¿Para qué ser francmasón?

En el artículo primero de su Constitución, el Gran Oriente de Francia afirma:

La Francmasonería, institución esencialmente filantrópica, filosófica y progresiva, tiene por objeto la búsqueda de la verdad, el estudio de la moral y la práctica de la solidaridad […] La Francmasonería tiene como principios la tolerancia mutua, el respeto a los otros y a uno mismo y la libertad absoluta de conciencia. Considerando que las concepciones metafísicas son del dominio exclusivo de la apreciación individual de sus miembros, rechaza toda afirmación dogmática. Concede una importancia fundamental a la laicidad […]

¡Esto es todo!

 

La iniciación

La francmasonería presenta una dimensión única en el mundo occidental: la iniciación.

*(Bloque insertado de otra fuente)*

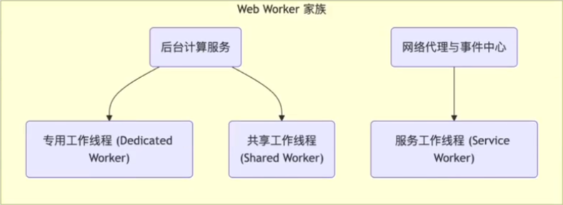 服务工作线程 与其他两个worker不同,ServiceWorker在页面创建之后它的生命周期就和当前页面没有关系了 serviceworker会作为浏览器的一个常驻线程一直运行,即使创建它的页面关闭了也不会停止
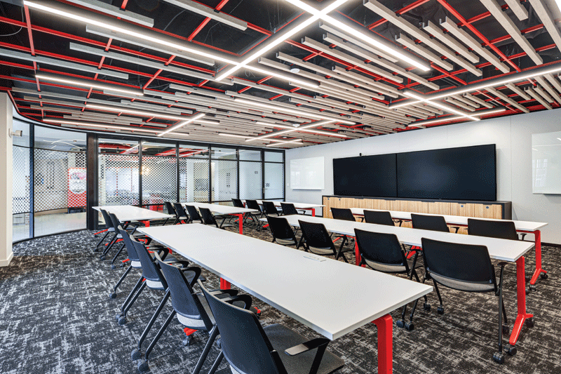 In its group collaboration and training room, Rockfon Cubegrid Open Plenum 23.8 mm (0.94-in.) metal ceilings were finished in a chili red. Rockfon Color-all Charcoal and bright white Rockfon Sonar acoustic stone wool ceiling panels were selected for the enclosed meeting rooms and offices.
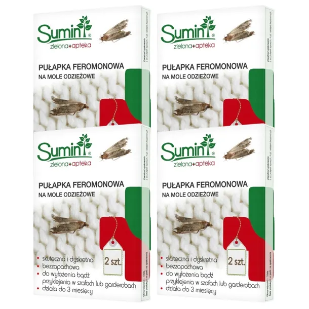 Pułapka feromonowa Sumin to skuteczne rozwiązanie w walce z molami odzieżowymi. Zestaw dwóch pułapek lepowych przeznaczony do monitorowania i eliminowania moli w miejscach przechowywania odzieży, takich jak szafy czy garderoby.
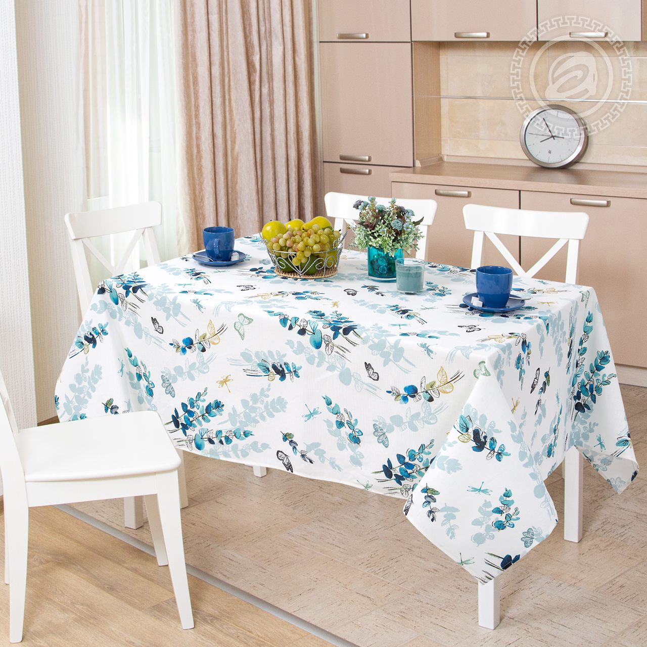 Такой нежный акварельный рисунок «Мирт»! Этот свежий весенний дизайн выполнен на ткани-рогожке. Изделия для кухни из рогожки долговечны и надежны, практичны, хорошо переносят множество стирок и продолжают служить хозяйке верой и правдой. Для единства стиля на кухне можно сочетать скатерть и полотенца из рогожки нового дизайна «Мирт» - приносящего тишину, спокойствие и расслабление. Акварельные бледно-голубые росчерки стеблей мирта сочетаются с шорохом крыльев бабочек и шуршанием стрекоз – непреодолимое впечатление знойного дня и дуновения ароматных трав.
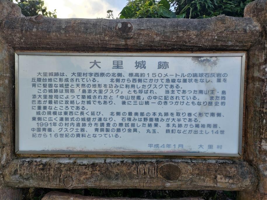 島添大里城碑・説明板 大里城跡説明板
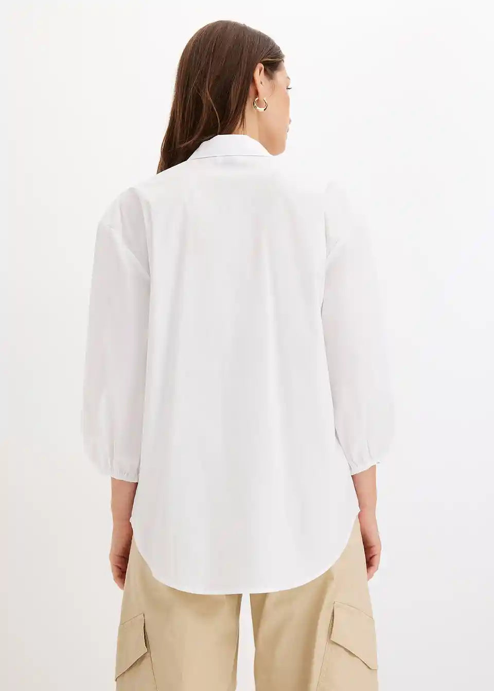 Zadaj daljša bluza z balonastimi rokavi
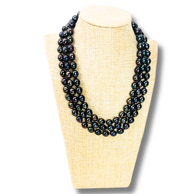 ‘Tuhina’ our stunning Black Pearl Choker,, this Triple Line choker is a masterpiece of design and craftsmanship. The Black pearls have a green sheen, are baroque (irregular shaped) and reflect a rainbow of colors – making this necklace rare and thus very valuable.

Iniciarse es entrar en una fraternidad y es también comprometerse en un camino de progresión personal merced a un ritual y unos símbolos. Por la utilización de estas “herramientas” comienza el nuevo iniciado su trabajo masónico, que es esencialmente “trabajo sobre sí mismo” en la más total libertad de conciencia.

A veces se oye hablar de “método masónico”: es el trabajo que hacemos en logia, siempre inacabado, que se va completando con la búsqueda individual que es lo propio del masón. La luz que busca cada masón (entendiendo “luz” en el sentido que se le daba en el siglo XVIII) ilumina su camino y disipa los condicionamientos del estatus social: iniciación y práctica del ritual contribuyen, de este modo, a la emancipación de los individuos.

“La francmasonería trabaja por la mejora material y moral, por el perfeccionamiento intelectual y social de la Humanidad”.